La Seconde Guerre mondiale a éclaté à l'automne 1939. Elle a donné lieu à des combats dans le monde entier et à la perpétration de crimes de guerre et de massacres. Au total, on estime à plus de 70 millions le nombre de personnes tuées jusqu'en août 1945.

C'est l'Union soviétique qui a enregistré les pertes les plus lourdes: environ dix millions de soldats de l'Armée rouge ont été tués ou sont morts en captivité. Au total, au moins 24 millions de citoyens soviétiques ont perdu la vie. C'est en Chine que le plus grand nombre de civils a été assassiné par l'occupant japonais.

Les victimes occultées et les conséquences

Lorsque l'on considère ces chiffres effrayants de morts, il manque toujours l'ampleur de la misère humaine des survivants qui se cache derrière: les mutilations, les psychoses et névroses de guerre, les expulsions, la brutalisation et la dégradation, la fuite, la faim, la paupérisation, les viols de masse, etc.

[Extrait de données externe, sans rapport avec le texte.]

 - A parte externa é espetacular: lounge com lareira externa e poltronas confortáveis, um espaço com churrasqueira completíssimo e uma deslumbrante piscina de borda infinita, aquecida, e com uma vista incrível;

Des études récentes se penchent sur les conséquences des guerres sur le plan de la psychologie individuelle et collective. A travers l'éducation dispensée par des parents traumatisés, les guerres continuent d'agir sur le psychisme des générations suivantes. De nombreux chercheurs estiment qu'il faut compter entre quarante et cinquante ans pour que les séquelles psychologiques d'une guerre puissent guérir.

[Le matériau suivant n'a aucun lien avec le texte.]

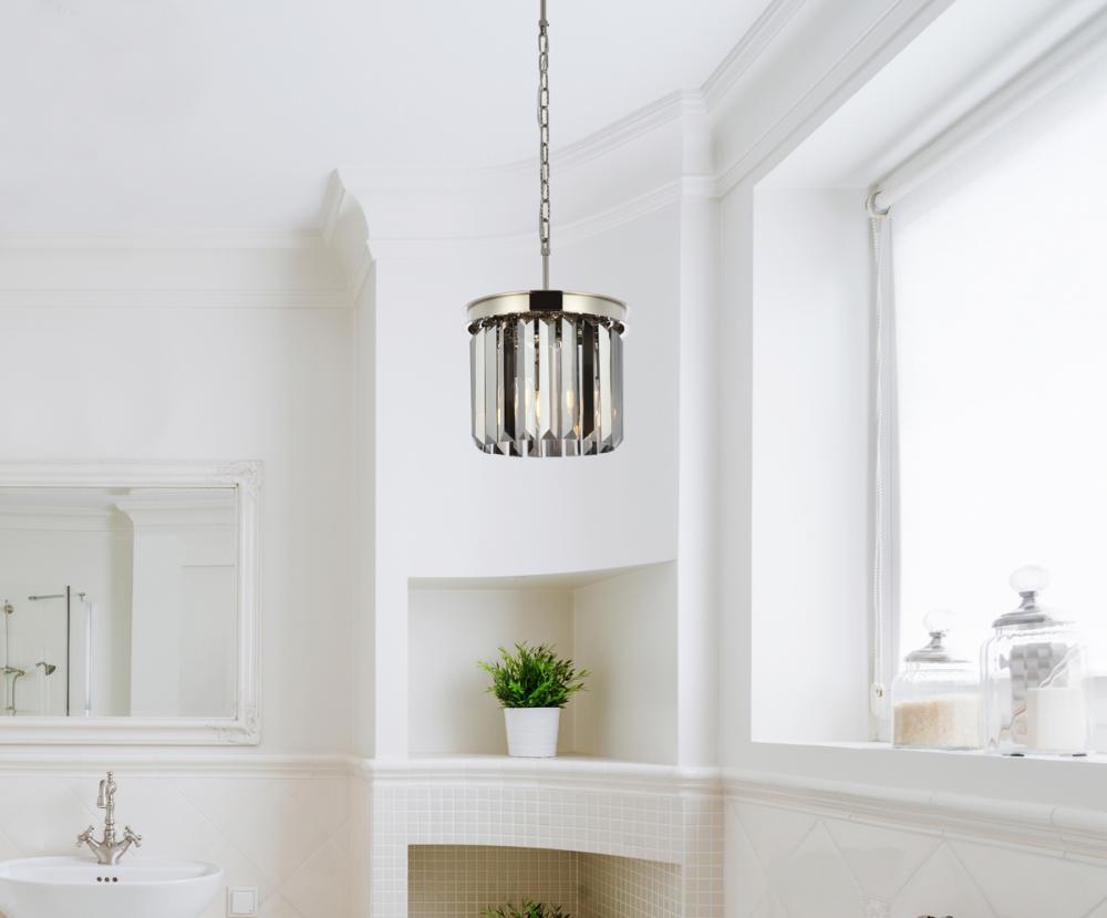 Sydney 3 light polished nickel Pendant Silver Shade (Grey) Royal Cut Crystal

Mettre fin à la folie - rester neutre

Cela semble relever de la folie qu'une guerre soit délibérément planifiée, préparée et finalement menée pendant des années, voire des décennies. Les populations sont délibérément maintenues dans l'ignorance afin qu'elles se résignent facilement à "leur sort". Le terme à la mode pour désigner cette pratique est "guerre cognitive". Il s'agit ainsi de préparer la population à la guerre, et non de lui fournir des informations objectives. Depuis 2014, l'OTAN a mis en place de manière ciblée plusieurs "centres d'information" par lesquels elle alimente les gouvernements et les médias dans toute l'Europe (par exemple, le NATO Strategic Communications Centre of Excellence à Riga). La Suisse est également concernée.

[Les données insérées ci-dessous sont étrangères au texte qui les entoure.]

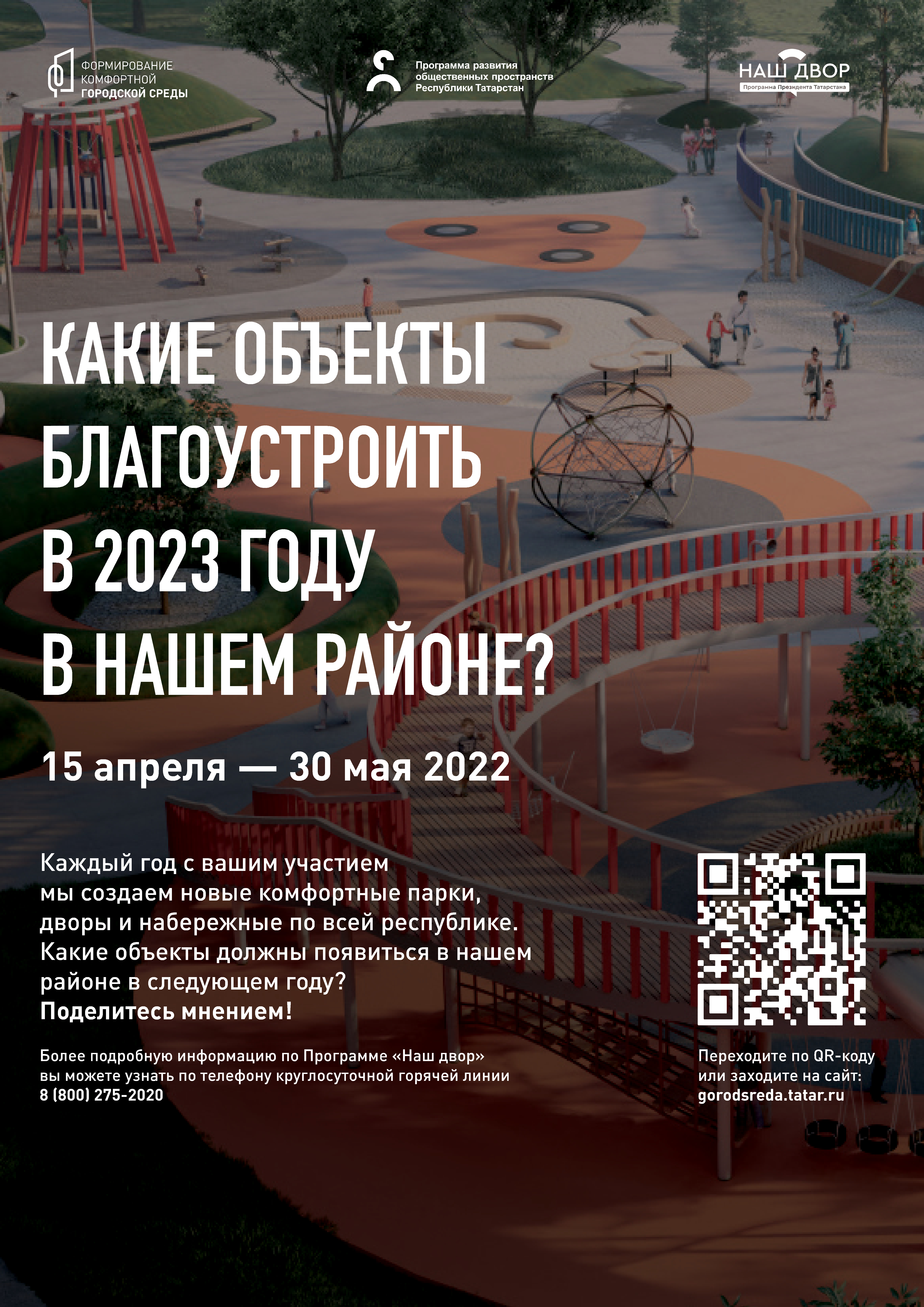 Для Республики Татарстан Минстроем России согласовано проведение рейтингового голосования по выбору общественных пространств, планируемых к благоустройству в 2023 году на Портале государственных и муниципальных услуг Республики Татарстан через сервис «Опросы жителей» и в мобильном приложении «Услуги РТ».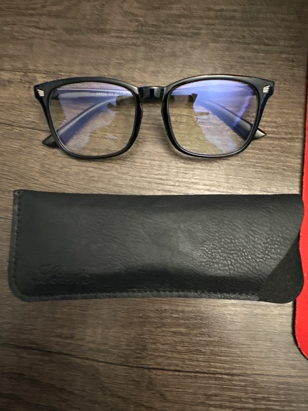 60Selling a pair of blue light reading glasses with a sleek black frame and a matching case! They're in great condition and perfect for anyone needing a little help with their reading vision and protection against blue light.

Au cours des deux dernières guerres mondiales, la Suisse a pu préserver sa neutralité. Et ce, grâce à l'engagement sans faille d'hommes et de femmes visionnaires et courageux. Le pays a ainsi pu, par le biais de ses bons offices et de la Croix-Rouge internationale, venir en aide aux populations en détresse à travers le monde, sans pour autant devenir elle-même partie prenante au conflit.

Il est temps que la Suisse renoue avec son ADN.